+++ Available data +++
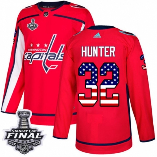 >Youth Adidas Washington Capitals #32 Dale Hunter Authentic Red USA Flag Fashion 2018 Stanley Cup Final NHL Jersey
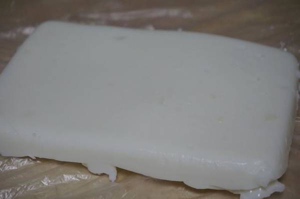 4、倒入容器中,如果不是那种不粘的容器,可以在四周涂一层油。入冰箱冷藏1小时左右。冻好的牛奶有点q弹。
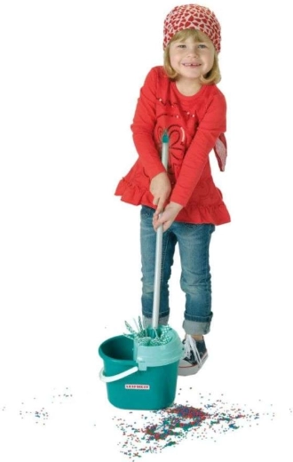 Děti si vyzkouší „mopování“ jako dospělí – kbelík má integrovaný ždímač, mop je lehký a dobře se drží. Ideální pro hraní na úklid a rozvoj koordinace.
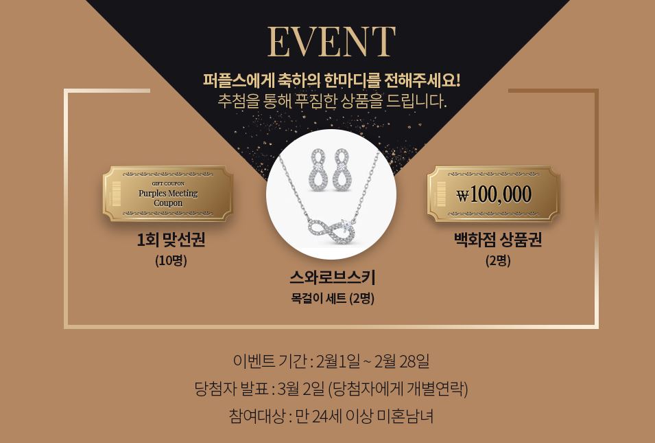 이를 기념하여 2월 한 달간 이벤트에 참여해 주신 만 24세 이상 미혼남녀 분들을 대상으로 푸짐한 상품을 증정합니다. 신청방법으로는 아래의 배너를 클릭하셔서, 퍼플스에게 축하의 한마디를 전하면 자동신청 완료됩니다. 추첨을 통해 스와로브스키 목걸이 세트(2명). 백화점 상품권(2명). 1회 맞선권(10명)이 증정되며 당첨자에게는 3월 2일, 개별연락 갈 예정입니다. 많은 참여바랍니다.
+++
*What the exercise asks:* Retype the lines starting with the one that holds "4、倒入容器中,如果不是那种" and ending with the last line of the data above, both included; skip the pictures.

*Your solution:*
 4、倒入容器中,如果不是那种不粘的容器,可以在四周涂一层油。入冰箱冷藏1小时左右。冻好的牛奶有点q弹。
 Děti si vyzkouší „mopování“ jako dospělí – kbelík má integrovaný ždímač, mop je lehký a dobře se drží. Ideální pro hraní na úklid a rozvoj koordinace.
 이를 기념하여 2월 한 달간 이벤트에 참여해 주신 만 24세 이상 미혼남녀 분들을 대상으로 푸짐한 상품을 증정합니다. 신청방법으로는 아래의 배너를 클릭하셔서, 퍼플스에게 축하의 한마디를 전하면 자동신청 완료됩니다. 추첨을 통해 스와로브스키 목걸이 세트(2명). 백화점 상품권(2명). 1회 맞선권(10명)이 증정되며 당첨자에게는 3월 2일, 개별연락 갈 예정입니다. 많은 참여바랍니다.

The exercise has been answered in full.